DESCRIPTION OF THE TASK: In the listing below, a line holding "Projected DOS of" and a line holding "Svícen je vyroben" mark the range. Retype both exactly, with all lines between them.

RECORDS TO USE:
**********

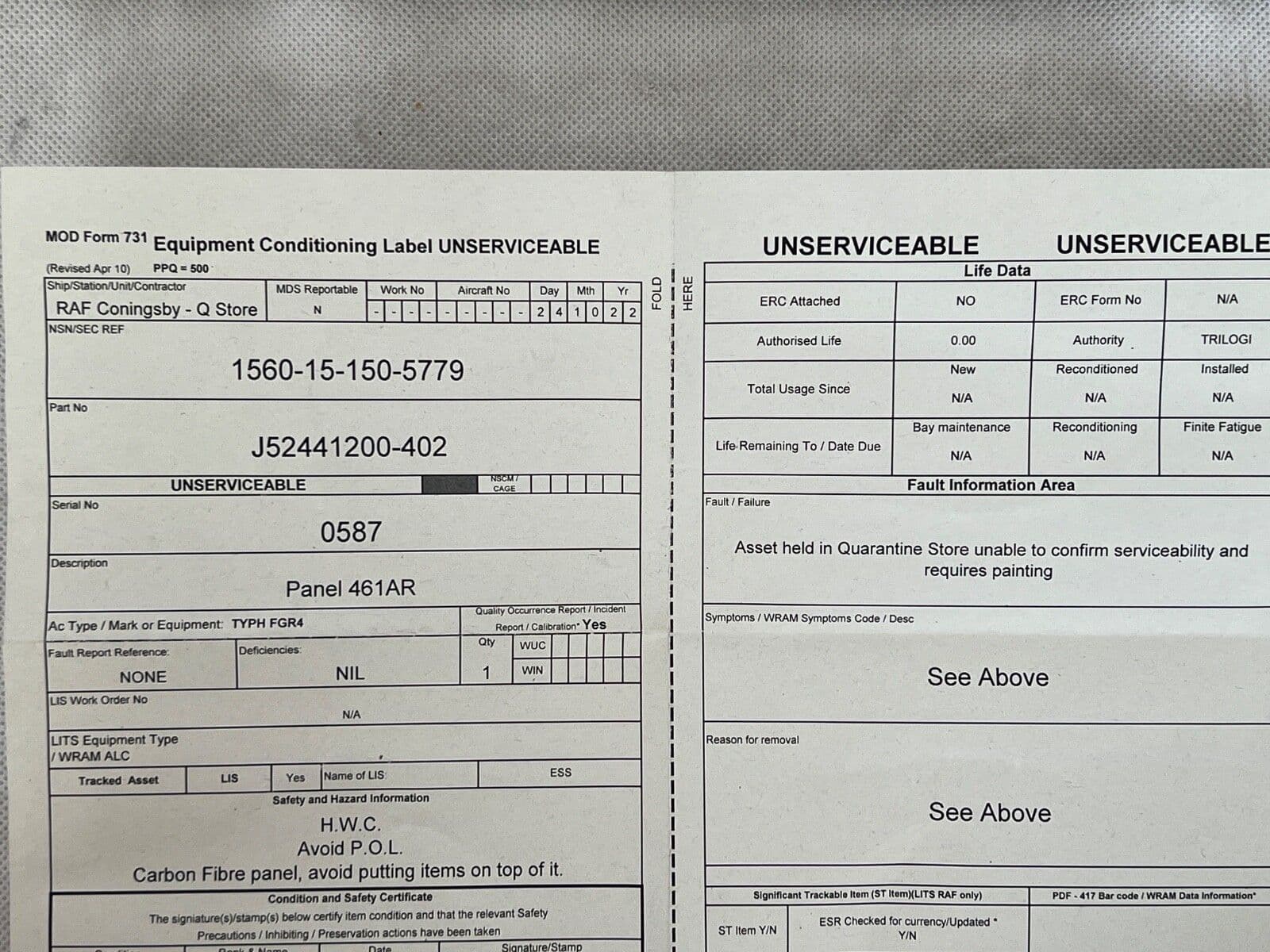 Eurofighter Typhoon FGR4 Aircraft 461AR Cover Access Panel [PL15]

**********

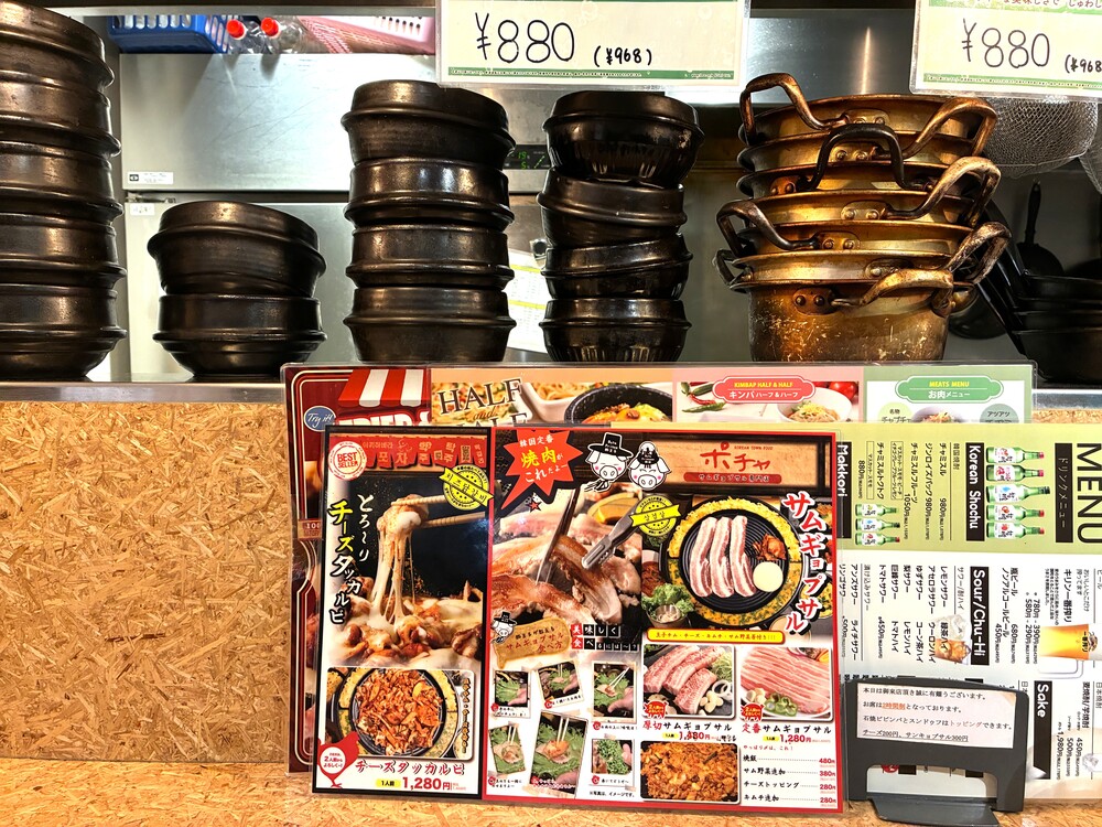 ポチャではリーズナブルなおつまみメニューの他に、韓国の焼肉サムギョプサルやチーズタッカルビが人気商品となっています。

**********

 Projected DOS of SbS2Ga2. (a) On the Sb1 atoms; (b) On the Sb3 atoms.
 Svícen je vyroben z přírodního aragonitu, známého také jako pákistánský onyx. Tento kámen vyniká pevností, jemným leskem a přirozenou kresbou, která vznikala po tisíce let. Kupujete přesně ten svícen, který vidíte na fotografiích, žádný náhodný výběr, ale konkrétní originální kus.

**********

RESULT FOR THIS TASK:
 Projected DOS of SbS2Ga2. (a) On the Sb1 atoms; (b) On the Sb3 atoms.
 Svícen je vyroben z přírodního aragonitu, známého také jako pákistánský onyx. Tento kámen vyniká pevností, jemným leskem a přirozenou kresbou, která vznikala po tisíce let. Kupujete přesně ten svícen, který vidíte na fotografiích, žádný náhodný výběr, ale konkrétní originální kus.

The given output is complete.